Later, while taking a walk to work my stiffness out (both physical and mental), the title of Anne Lamott‘s book on writing, Bird by Bird, popped into my head. I’ve read this book a few times and found certain things Lamott says very helpful; this time it was the title itself that grabbed me. In one of the early chapters she explains where it came from: when her older brother was ten he had to do a school project on birds; he procrastinated, and the night before it was due he ended up panicky and overwhelmed, unable to even start. Their father sat down beside him and said, “Bird by bird, buddy. Just take it bird by bird.”

So this is what I am trying to do at the moment. I am deliberately trying to not look at everything at once—the stack of poems needing revision, the half-finished manuscript, the possible chapbook—because that inevitably leads to my wanting to work on everything at once. Instead, I will make a concerted effort to focus on only one poem, or a handful of poems, at a time, not get too concerned about picking the right one, just go with whatever happens to click on any given day.

3. The final 20 per cent of a project takes 80 per cent of the time.

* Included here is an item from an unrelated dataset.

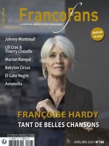 Autre et notable anniversaire, celui de la revue Francofans qui, elle, fête ses vingt ans, par son numéro 106, du 30 mars au 29 mai avec Françoise Hardy à la une. Durer si longtemps (et c’est pas fini) dans une chanson un peu à la marge du business, c’est rare, c’est exceptionnel ! Bravo. En plus d’Hardy, on trouve au sommaire des articles sur Marion Rampal, Johnny Montreuil, Lili Cros & Thierry Chazelle, El Gato Negro, Babylon Circus et Astonvilla. En kiosques (attention, c’est parfois difficile de la trouver) et plus sûrement sur abonnement. Bon anniversaire ! Le site de Francofans, c’est ici.

I’d heard this principle before in another context, but it seems to also be true of writing at times. I often reach a stage with a poem where it almost feels right—except for the last line, or the title, or that one line in the middle stanza that somehow still doesn’t quite work. That one last thing can take months to figure out, because the thing is, it can’t be hurried. If it’s going to come together, if the poem is going to end up really feeling like it’s got the right words in the right places, then I have to take the time to find those words, try them out, let the piece sit for a while, look at it again—then do that several more times if necessary.

I would like this to not be so consistently true. (It’s true now, in fact, as I look for a way to conclude this post.) I know it’s all fine, all part of the process, but sometimes I think it would be nice if there were not quite so much patience required.

[The anecdote from Bird by Bird is on page 19 of the paperback edition.]